Discursive approaches to masculinity

Wetherell & Edley say our particular interest is in the discursive patterns that lie at the heart of these everyday practices. We investigate men’s narratives, accounts, and interactions. We focus on the making of meaning around masculinity, taking a qualitative rather than a quantitative approach.

This explains how masculinity is achieved psychologically. It refers to a process in which individuals adopt subjectivities relative to discourses of hegemonic masculinity, through situated psycho-discursive practices.

These positions are ‘imaginary’ in that, although they serve as the basis for identity, they are constantly discursively re-instantiated. Self-positioning merely exists as a discursive strategy in which multiple meanings of masculinity are selectively drawn upon, according to the vagaries of the interactional context.

Thus, individual men should not be labelled as particular character types, for example, complicit or subordinate (Wetherell and Edley 1999).

Rather they ‘can adopt hegemonic masculinity when it is desirable; but the same men can distance themselves strategically from hegemonic masculinity at other moments’

Comparing the approaches 

Gender role strain paradigm treats belief in traditional masculinity as something that people have, that can be measured and compared across different groups of men and women. Men who believe in traditional masculinity may be at risk of a range of issues, including psychological distress.

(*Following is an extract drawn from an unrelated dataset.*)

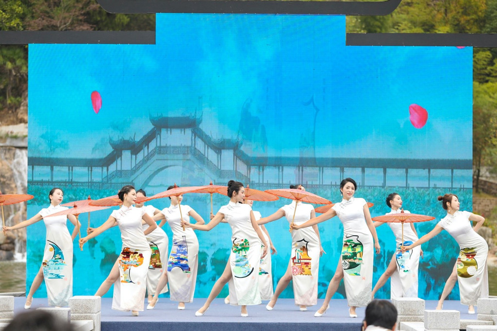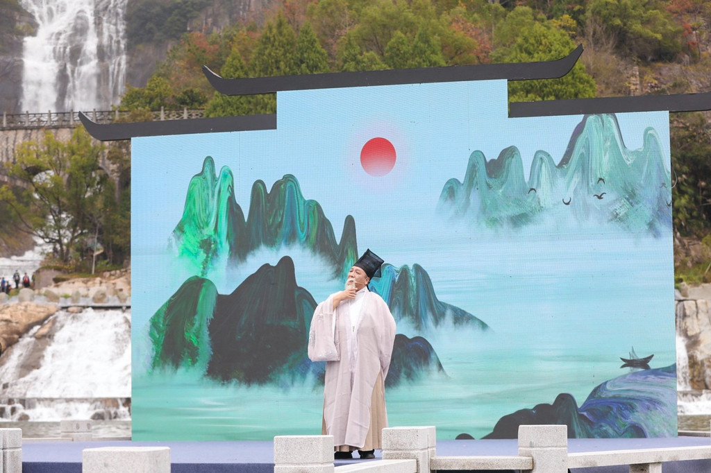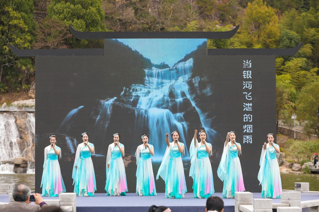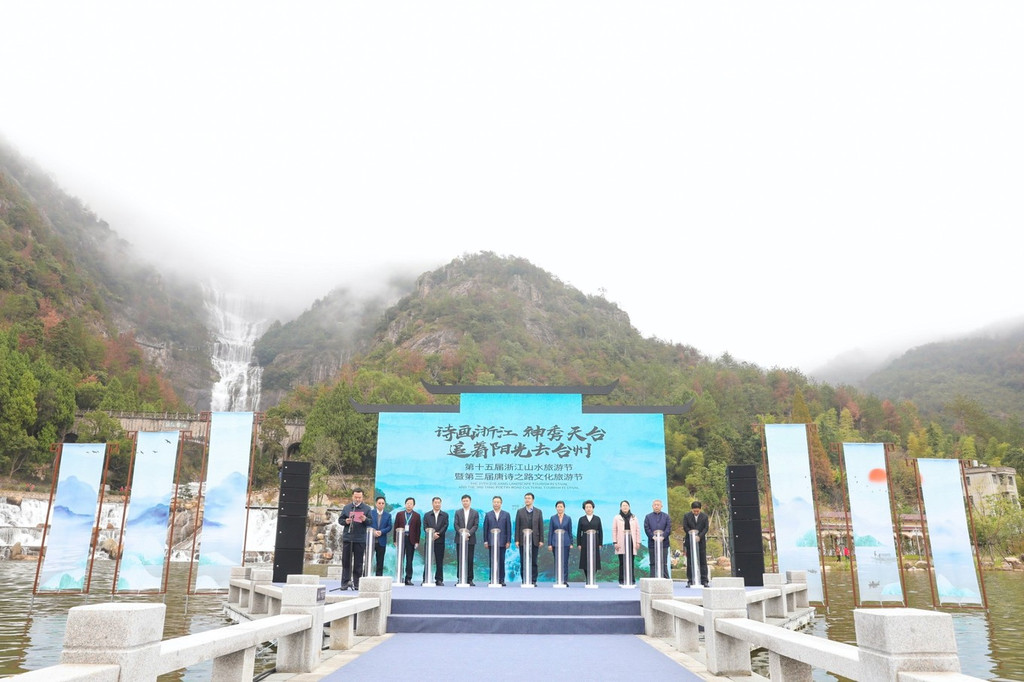 第十五届 浙江 山水旅游节暨第三届唐诗之路文化旅游节在 天台 山大瀑布景区九龙湖广场隆重开幕
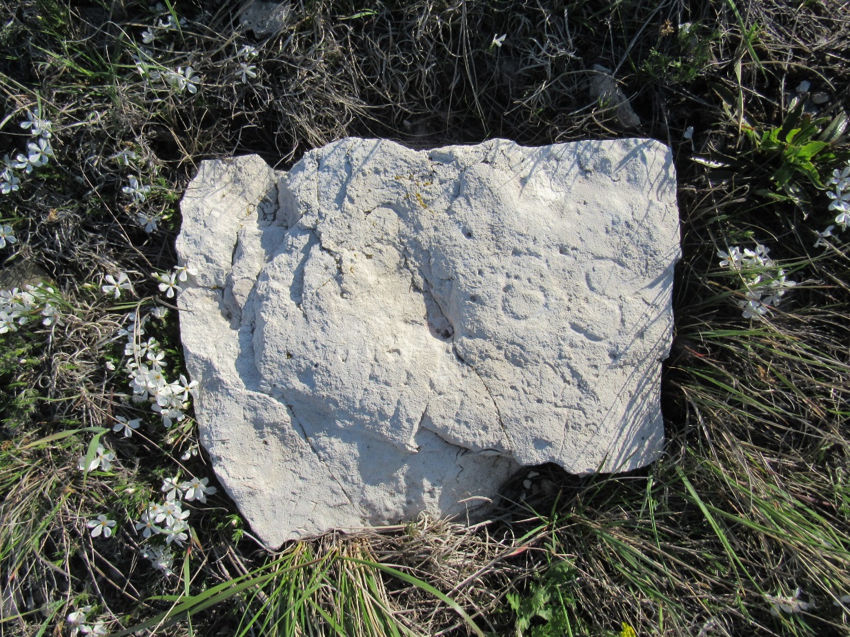 Weather has damaged the top of the stone monument, but the letters "G S" are still very visible on the right side.

Hegemonic Masculinity treats masculinity as (several) somethings created in society, that benefit a subset of men, but that many men feel a need to support it. It also has a number of impacts on (most) men.

Wetherell & Edley's approach highlights the way that individuals may be able to discursively shift their position depending upon audience and topic. While I find this idea appealing it the one that least explains the potential impacts of masculinity as it is upheld in society.

In later blogs I will invoke some of these ideas to explain the operation of gender in society.